(Beginning of MATERIAL SUPPLIED)
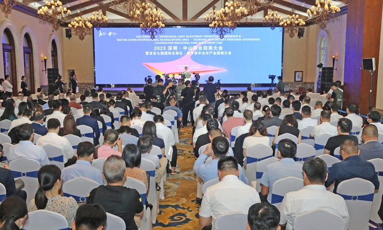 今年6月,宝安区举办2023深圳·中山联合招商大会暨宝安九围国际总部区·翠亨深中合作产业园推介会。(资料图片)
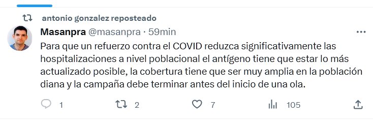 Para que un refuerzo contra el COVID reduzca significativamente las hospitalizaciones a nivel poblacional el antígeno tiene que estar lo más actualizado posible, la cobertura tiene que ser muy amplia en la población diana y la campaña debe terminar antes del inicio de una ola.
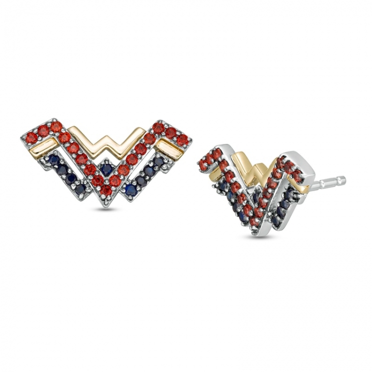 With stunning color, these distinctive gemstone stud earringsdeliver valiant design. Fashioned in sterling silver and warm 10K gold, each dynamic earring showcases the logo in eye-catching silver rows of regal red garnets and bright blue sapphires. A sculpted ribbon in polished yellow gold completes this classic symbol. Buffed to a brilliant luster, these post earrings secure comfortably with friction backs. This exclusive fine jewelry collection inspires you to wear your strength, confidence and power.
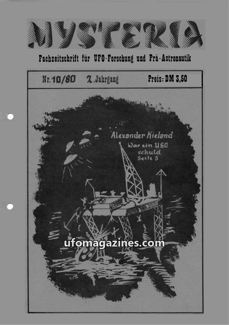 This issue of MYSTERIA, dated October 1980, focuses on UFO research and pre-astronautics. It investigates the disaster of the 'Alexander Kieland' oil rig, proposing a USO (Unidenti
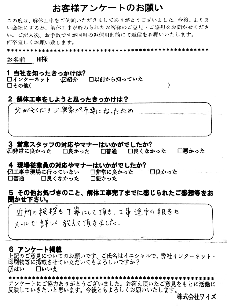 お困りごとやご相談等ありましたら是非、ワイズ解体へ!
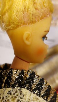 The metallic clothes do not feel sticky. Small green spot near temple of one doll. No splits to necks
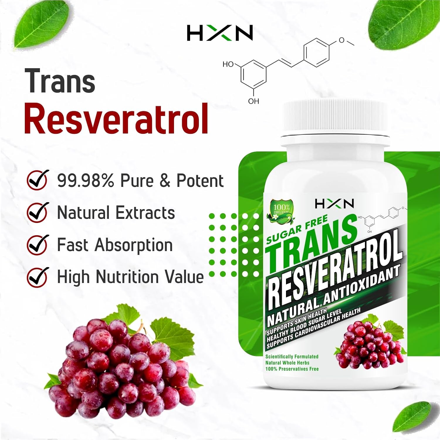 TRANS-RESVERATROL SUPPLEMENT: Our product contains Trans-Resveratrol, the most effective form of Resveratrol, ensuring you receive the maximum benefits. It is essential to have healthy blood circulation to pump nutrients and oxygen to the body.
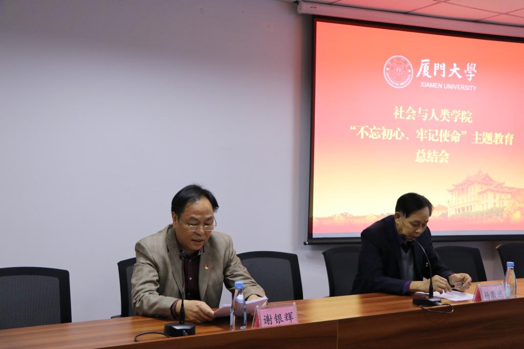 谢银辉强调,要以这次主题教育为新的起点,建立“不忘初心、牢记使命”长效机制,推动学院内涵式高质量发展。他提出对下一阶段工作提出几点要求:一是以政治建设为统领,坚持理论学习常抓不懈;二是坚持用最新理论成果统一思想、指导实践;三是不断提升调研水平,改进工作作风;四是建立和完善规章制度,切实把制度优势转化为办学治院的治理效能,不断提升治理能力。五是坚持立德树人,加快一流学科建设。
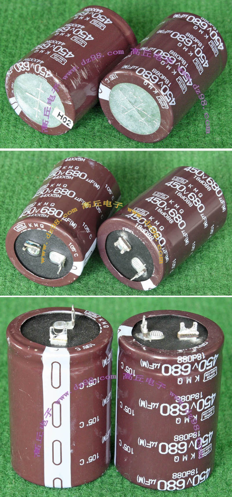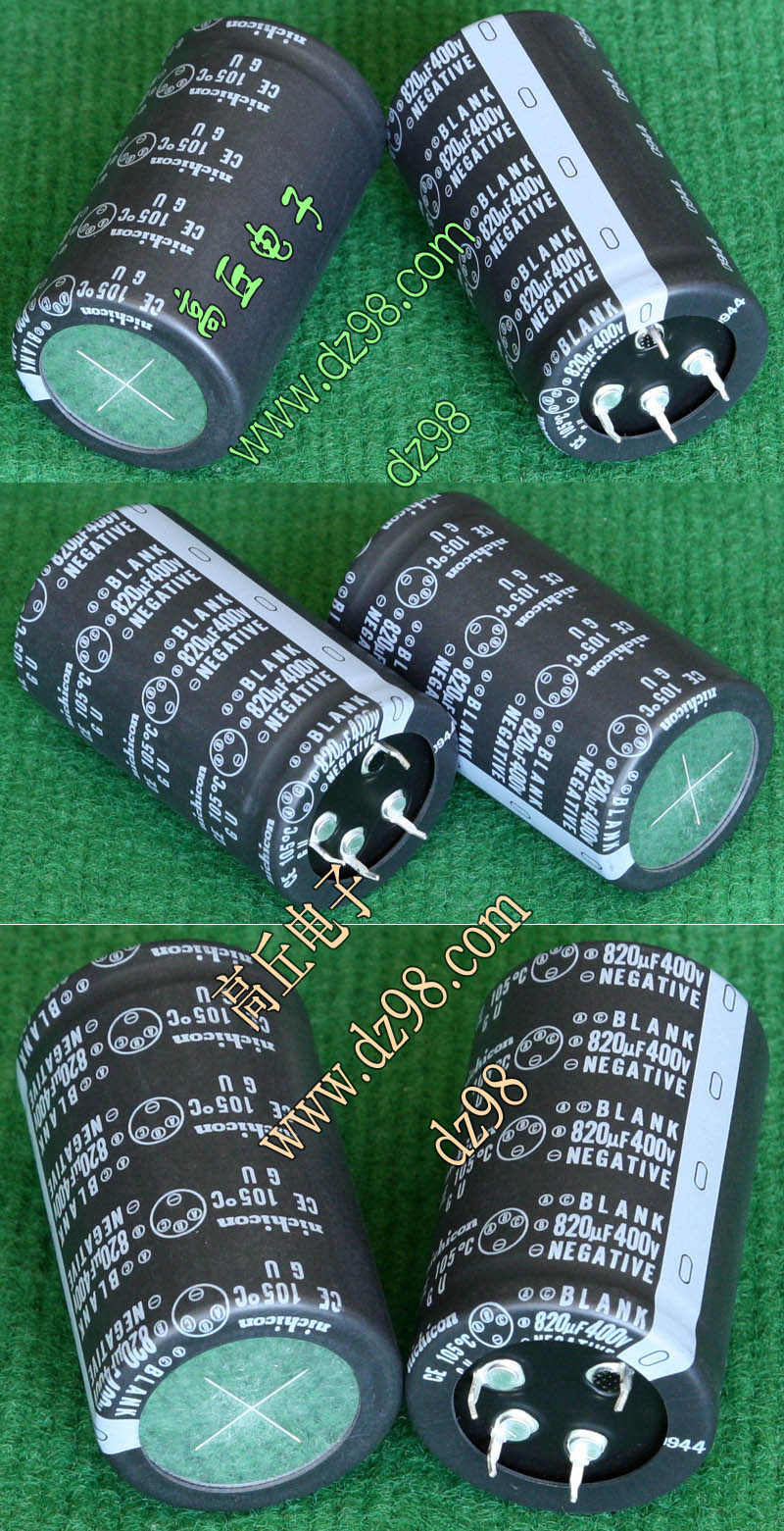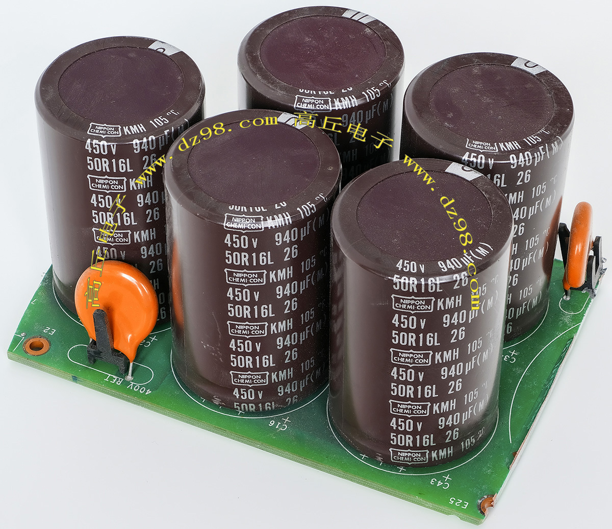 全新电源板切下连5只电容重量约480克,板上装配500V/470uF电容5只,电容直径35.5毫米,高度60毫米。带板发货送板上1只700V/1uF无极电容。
(End of MATERIAL SUPPLIED)
#### [DIRECTIONS]
Pictures stay out. Print the data exactly, from its first line through the line containing "Para que un".

#### [EXERCISE SOLUTION]
 今年6月,宝安区举办2023深圳·中山联合招商大会暨宝安九围国际总部区·翠亨深中合作产业园推介会。(资料图片)
 Para que un refuerzo contra el COVID reduzca significativamente las hospitalizaciones a nivel poblacional el antígeno tiene que estar lo más actualizado posible, la cobertura tiene que ser muy amplia en la población diana y la campaña debe terminar antes del inicio de una ola.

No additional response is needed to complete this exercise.